Stored items from a collection:
################
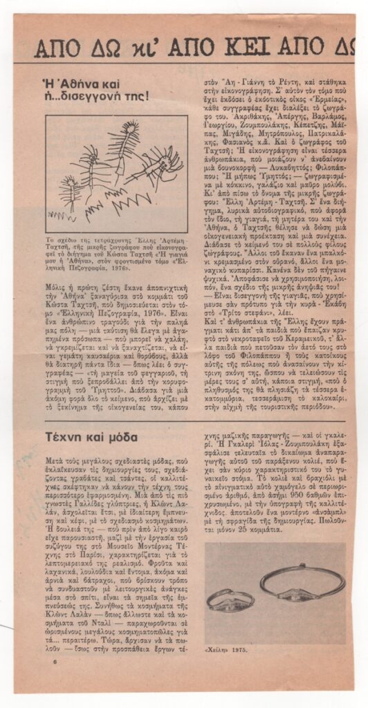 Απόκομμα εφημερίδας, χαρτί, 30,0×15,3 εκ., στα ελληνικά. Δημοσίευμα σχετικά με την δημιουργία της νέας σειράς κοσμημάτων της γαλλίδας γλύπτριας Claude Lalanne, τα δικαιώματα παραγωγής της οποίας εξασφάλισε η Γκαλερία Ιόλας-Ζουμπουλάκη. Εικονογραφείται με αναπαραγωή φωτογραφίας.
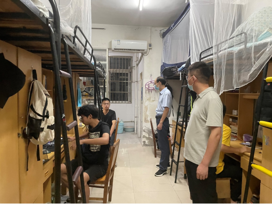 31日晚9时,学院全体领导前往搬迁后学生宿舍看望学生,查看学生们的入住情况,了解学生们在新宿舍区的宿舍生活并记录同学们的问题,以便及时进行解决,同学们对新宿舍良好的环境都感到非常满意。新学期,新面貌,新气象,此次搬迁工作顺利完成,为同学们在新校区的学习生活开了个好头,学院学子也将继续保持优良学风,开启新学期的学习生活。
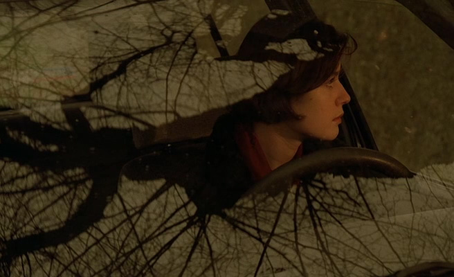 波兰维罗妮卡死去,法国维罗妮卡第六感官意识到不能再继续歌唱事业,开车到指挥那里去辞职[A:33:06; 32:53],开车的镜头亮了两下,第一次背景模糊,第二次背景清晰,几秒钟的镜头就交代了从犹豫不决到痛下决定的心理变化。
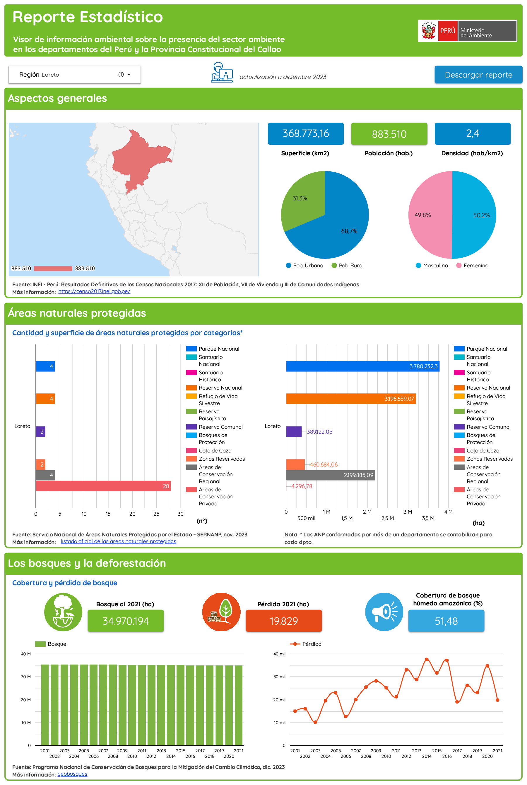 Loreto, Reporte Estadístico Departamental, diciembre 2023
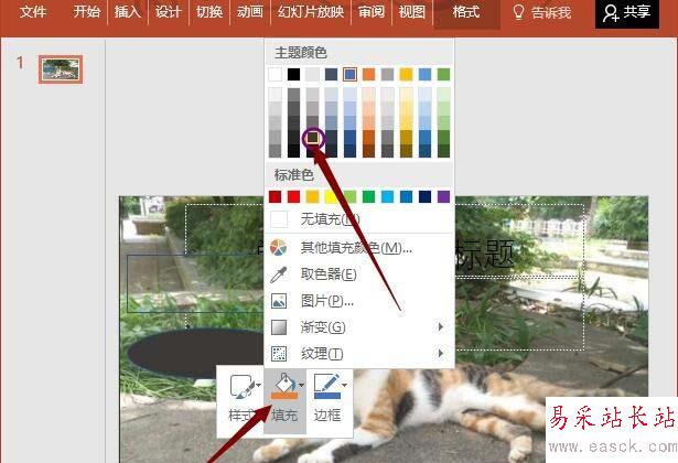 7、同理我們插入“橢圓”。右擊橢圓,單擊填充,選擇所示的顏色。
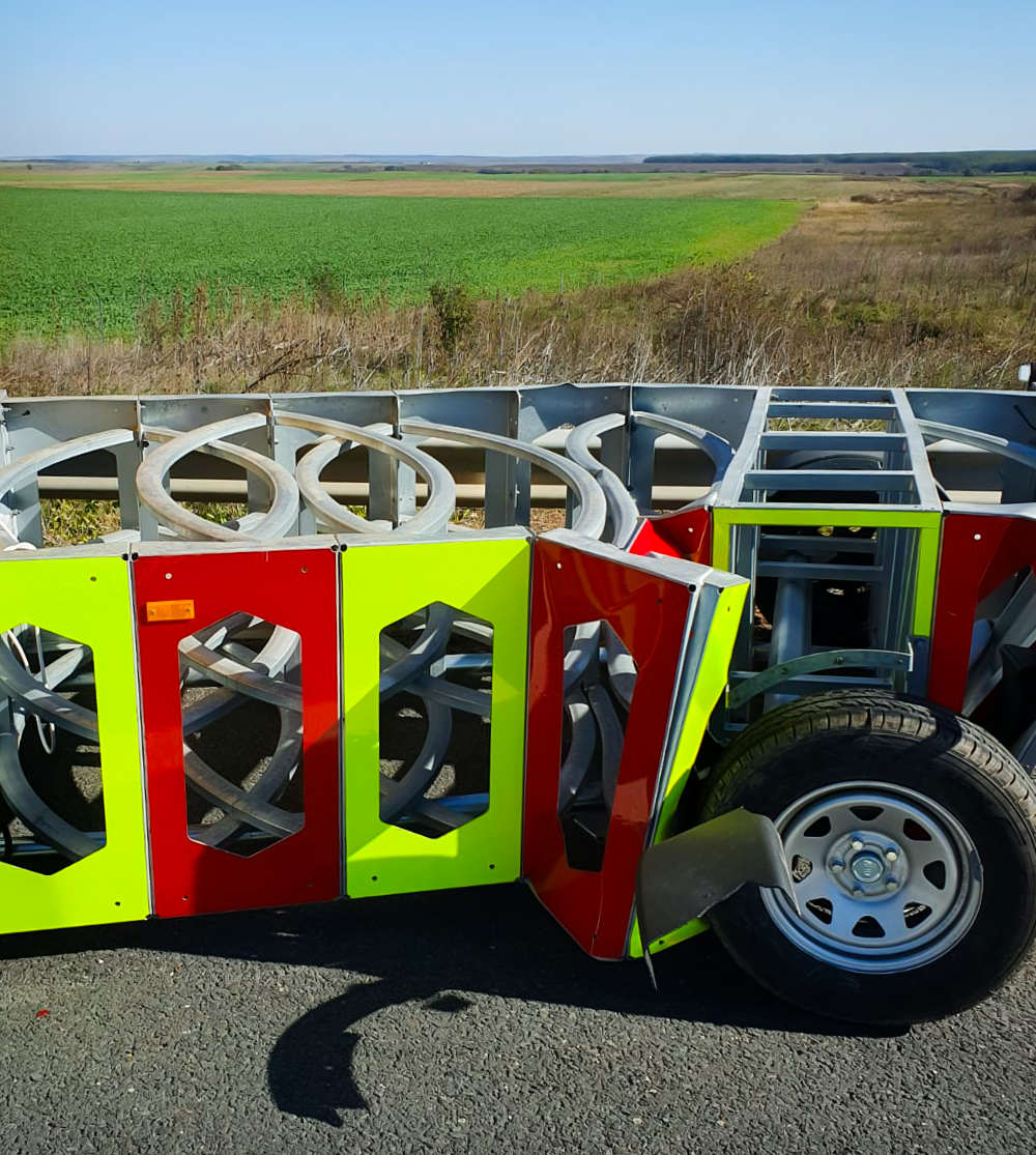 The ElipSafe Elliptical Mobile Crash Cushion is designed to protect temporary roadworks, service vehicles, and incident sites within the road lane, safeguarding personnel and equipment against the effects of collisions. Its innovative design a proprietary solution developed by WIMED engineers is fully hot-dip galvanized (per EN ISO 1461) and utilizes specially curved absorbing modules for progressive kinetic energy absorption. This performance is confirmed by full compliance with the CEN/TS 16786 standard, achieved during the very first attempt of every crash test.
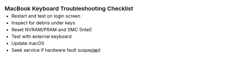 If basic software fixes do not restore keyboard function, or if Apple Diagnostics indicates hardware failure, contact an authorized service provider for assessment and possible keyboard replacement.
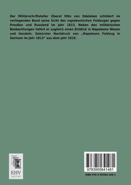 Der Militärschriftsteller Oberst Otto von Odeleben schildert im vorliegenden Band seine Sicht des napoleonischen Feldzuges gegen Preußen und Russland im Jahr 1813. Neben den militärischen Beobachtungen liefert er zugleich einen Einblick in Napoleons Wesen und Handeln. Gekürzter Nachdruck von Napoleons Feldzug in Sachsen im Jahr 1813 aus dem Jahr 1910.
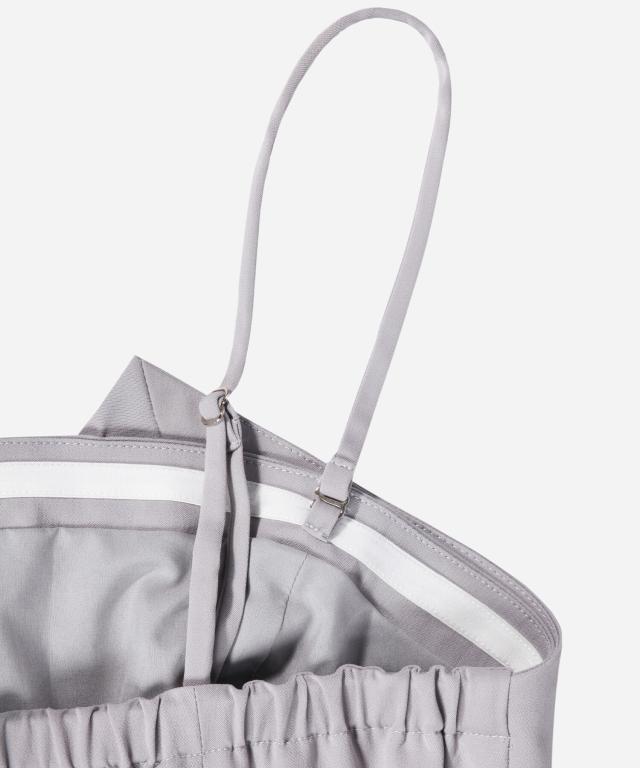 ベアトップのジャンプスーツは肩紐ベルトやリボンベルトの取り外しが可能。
################
* _PROBLEM DETAILS_:
What you need to produce is an exact copy of the entries above, limited to the lines from the one with "Loreto, Reporte Estadístico" up to and including the one with "The ElipSafe Elliptical", without pictures.

* _RESULT_:
 Loreto, Reporte Estadístico Departamental, diciembre 2023
 7、同理我們插入“橢圓”。右擊橢圓,單擊填充,選擇所示的顏色。
 The ElipSafe Elliptical Mobile Crash Cushion is designed to protect temporary roadworks, service vehicles, and incident sites within the road lane, safeguarding personnel and equipment against the effects of collisions. Its innovative design a proprietary solution developed by WIMED engineers is fully hot-dip galvanized (per EN ISO 1461) and utilizes specially curved absorbing modules for progressive kinetic energy absorption. This performance is confirmed by full compliance with the CEN/TS 16786 standard, achieved during the very first attempt of every crash test.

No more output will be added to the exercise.